4. D. R. Gretch, M. Suter and M. F. Stinski, The use of Biotinylated Monoclonal Antibodies and Streptavidin Affinity Chromatography to Isolate Herpesvirus Hydrophobic Proteins or Glycoproteins, Anal. Biochem., 1987, 163, 270 .
5. M. Shimkus, J. Levy and T.Herman, A Chemically Cleavable Biotinylated Nucleotide: Usefulness in the Recovery of Protein-DNA Complexes from Avidin Affinity Columns, Proc. Natl. Acad. Sci. USA, 1985, 82, 2593.
6. W. J. LaRochelle and S. C. Froehner, Immunochemical Detection of Proteins Biotinylated on Nitrocellulose Replicas, J. Immunol. Methods, 1986, 92, 65.
7. P. S. Anjaneyulu and J. V. Staros, Reactions of N-hydroxysulfosuccinimide Active Esters, Int. J. Pep. Protein Res., 1987, 30, 117.

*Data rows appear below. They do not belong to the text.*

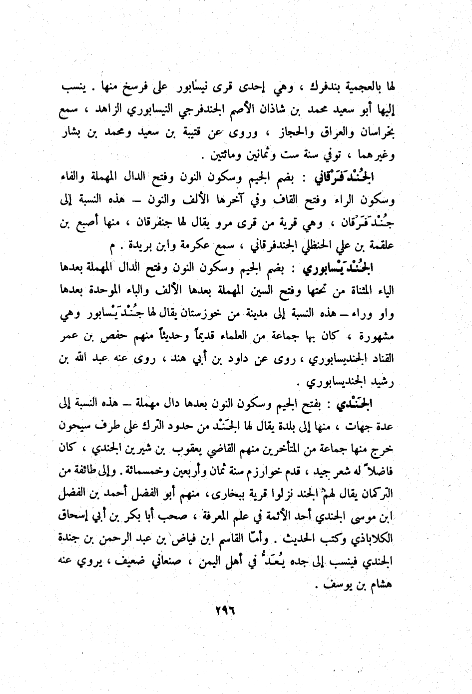 الجندي بِفَتْح الْجِيم وَسُكُون النُّون بعْدهَا دَال مُهْملَة - هَذِه النِّسْبَة إِلَى عدَّة جِهَات مِنْهَا إِلَى بَلْدَة يُقَال لَهَا الْجند من حُدُود التّرْك على طرف سيحون خرج مِنْهَا جمَاعَة من الْمُتَأَخِّرين مِنْهُم القَاضِي يَعْقُوب بن شيرين الجندي كَانَ فَاضلا لَهُ شعر جيد قدم خوارزم سنة ثَمَان وَأَرْبَعين وَخَمْسمِائة وَإِلَى طَائِفَة من التركمان يُقَال لَهُم الْجند نزلُوا قَرْيَة ببخارى مِنْهُم أَبُو الْفضل أَحْمد بن الْفضل ابْن مُوسَى الجندي أحد الْأَئِمَّة فِي علم الْمعرفَة صحب أَبَا بكر بن أبي إِسْحَاق الكلاباذي وَكتب الحَدِيث وَأما الْقَاسِم ابْن فياض بن عبد الرَّحْمَن بن جندة الجندي فينسب إِلَى جده يعد فِي أهل الْيمن صنعاني ضَعِيف يروي عَنهُ هِشَام بن يُوسُف
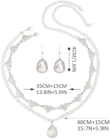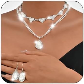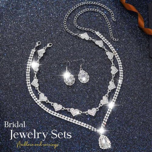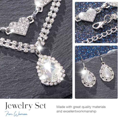 Unicra Silver Bridal Wedding Jewelry Set Sparkly Rhinestone Necklace Earrings Sets Heart Crystal Formal Costume Jewelry for Women and Brides
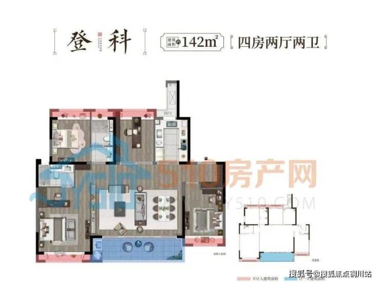 建面约142㎡四房两厅两卫户型,格局方正,使用率高达85%。
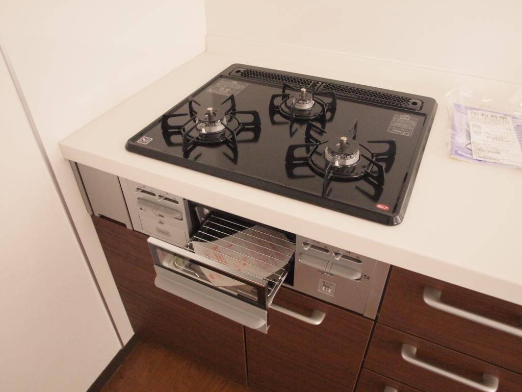 | 設備 | ガス(都市ガス)、インターホン(TVモニター付き)、駐輪場、日当り良好、南向きリビング、通風良好、フローリング、全居室フローリング、照明器具、ベランダ・バルコニー、収納スペース、クローゼット、クローゼット数(1)、バス・トイレ別(別室)、シャワー、脱衣所、ウォシュレット、洗面台、洗面所独立、シャンプードレッサー、洗面所にドア、洗濯機置き場(室内)、ガスコンロ設置済、ガスコンロ口数(3)、コンロ種類(都市ガス)、グリル、システムキッチン | ||
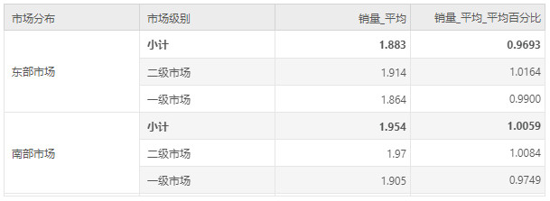 之前的版本,平均值汇总百分比=当前平均值/组内平均值的均值,以计算同一市场分布下不同市场级别的销量平均值汇总百分比为例:
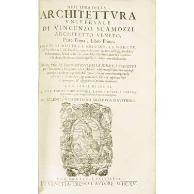 Note: Vincenzo Scamozzi (1548 -1616) was an Italian architect and a writer on architecture, active mainly in Vicenza and the Republic of Venice area in the second half of the 16th century. He was perhaps the most important figure there between Andrea Palladio, whose unfinished projects he inherited at Palladio's death in 1580, and Baldassarre Longhena, Scamozzi's only pupil. Scamozzi's influence spread far beyond his Italian commissions through his two-volume treatise, L'Idea dell'Architettura Universale, which is one of the last works of the Renaissance dealing with the theory of architecture.
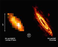 Detatiled Caption Description M31 extends several degrees on the sky, which means that it appears almost ten times bigger than the full moon. This is much larger than the field of view of the current Westerbork telescope (the white circle on the picture). With the Focal Plane Arrays of APERTIF, simultaneously aimed in different directions at the sky, the largest part of M31 can be observed with one single observation of the telescope. The image on the left is the result of an observation that lasted only 6.7 seconds. Because the APERTIF prototype is only installed in one of the Westerbork dishes, the images are not yet very sharp. However, once most of the fourteen Westerbork dishes are equipped with Focal Plane Arrays, very sharp images can be obtained. The image on the right also shows the distribution of atomic hydrogen in M31, on the same scale as on the left. This image hass been made a few years ago with the Westerbork telescope, but without the Focal Plane Arrays. To make this image, 163 separate observations were necessary with all fourteen Westerbork dishes, a process that took many weeks. If every Westerbork dish had a system like APERTIF, the image on the right could be made in a few days with only a few observations. Related Links . Space Telescope News and Technology at Skynightly.com

8. H. M. Ingalls, C. M. Goodloe-Holland and E. J. Luna, Junctional Plasma Membrane Domains Isolated from Aggregating Dictyostelium Discoideum Amebae, Proc. Natl. Acad. Sci. USA, 1986, 83, 4779.
9. J. L. Guesdon, T. Ternynck and S. Avrameas, The Use of Avidin-biotin Interaction in Immunoenzymatic Techniques, J. Histochem, Cytochem, 1979, 27, 1131.